As you can imagine, this ritual puts the emphasis more on collection than appreciation. I gobble up all the music I can, listen to it once or twice, and can nod knowingly when someone cooler than me mentions them in conversation ("Ariel Pink? 'Round and Round' [one of two songs I've heard by them] is solid").
So for a band or song to stop the ol' brain-wheels from spinning, the thing has to be pretty earth-shattering. Not necessarily in sound, though; the xx are as coy can be, but I was stuck on that record for a minute. But I certainly don't mind when a band does sound earth-shattering.
In terms of tectonic metaphors, Sleigh Bells most definitely fit the bill. Colossal, towering, Godzillian: these two Brooklynites evoke every synonym for "big" a blogger can muster.

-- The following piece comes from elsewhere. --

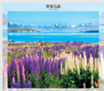
1-2月/テウヒポウナム・南西ニュー ジーランド(ニュージーランド)

And a-musterin' they've been. More metaphorical ink has been spilled on Sleigh Bells than just about any other band in recent memory. I'll let Vulture summarize Sleigh Bells' meteoric rise from CMJ breakouts to JoBro tweet fodder, though.
I have the privilege of actually reviewing the fruits of Sleigh Bells' considerable labor, their titanic (read: big) debut album, Treats, which was released yesterday on iTunes. Let the slobbering commence.
HOLY FUCK, IS THIS THING WORLD-ENDINGLY GREAT. HOW ON EARTH DID I EVER LIVE WITHOUT THIS ALBUM?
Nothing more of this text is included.